[Work task] Nothing outside the range is to be copied. From the entries below, reproduce exactly the lines starting at the one with "- Adjust the" and ending at the one with "(2)應(yīng)滿足下表", without pictures.

++++ Data

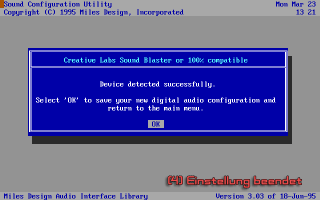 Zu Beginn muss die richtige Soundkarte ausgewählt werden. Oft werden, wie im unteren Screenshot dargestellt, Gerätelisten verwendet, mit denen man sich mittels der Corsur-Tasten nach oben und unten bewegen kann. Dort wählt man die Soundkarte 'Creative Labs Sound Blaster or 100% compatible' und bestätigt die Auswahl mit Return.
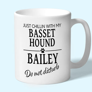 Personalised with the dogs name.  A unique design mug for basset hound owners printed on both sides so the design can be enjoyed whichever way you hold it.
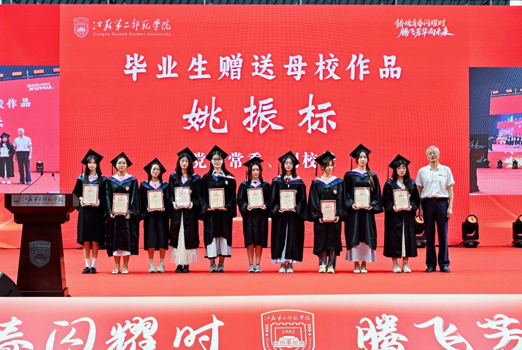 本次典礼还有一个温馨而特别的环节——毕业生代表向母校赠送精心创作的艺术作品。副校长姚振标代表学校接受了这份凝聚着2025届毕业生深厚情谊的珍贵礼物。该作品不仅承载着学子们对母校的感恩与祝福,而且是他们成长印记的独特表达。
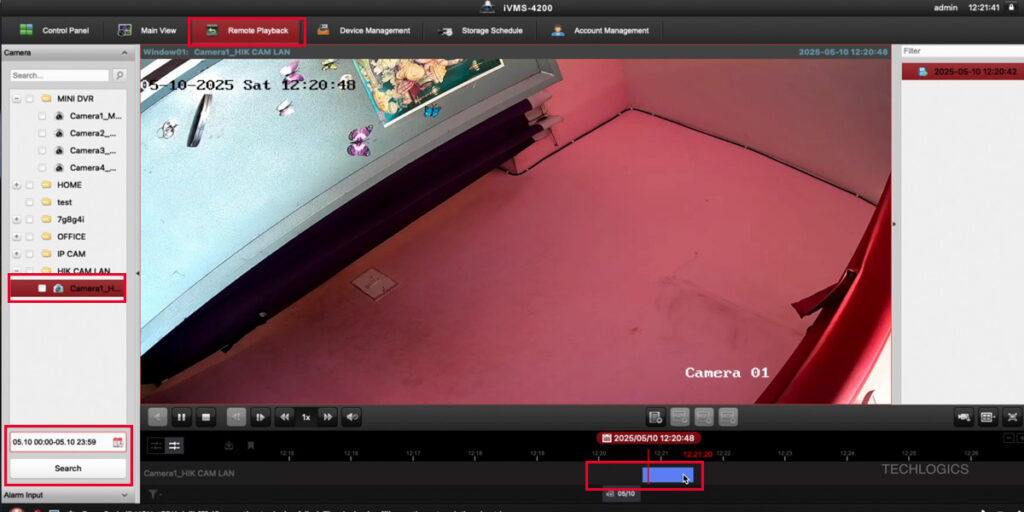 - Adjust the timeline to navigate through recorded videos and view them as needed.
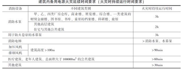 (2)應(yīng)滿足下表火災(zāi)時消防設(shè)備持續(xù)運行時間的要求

++++++++
++++ Data

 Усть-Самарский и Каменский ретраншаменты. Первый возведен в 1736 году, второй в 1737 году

++++++++

[Exercise answer]
 - Adjust the timeline to navigate through recorded videos and view them as needed.
 (2)應(yīng)滿足下表火災(zāi)時消防設(shè)備持續(xù)運行時間的要求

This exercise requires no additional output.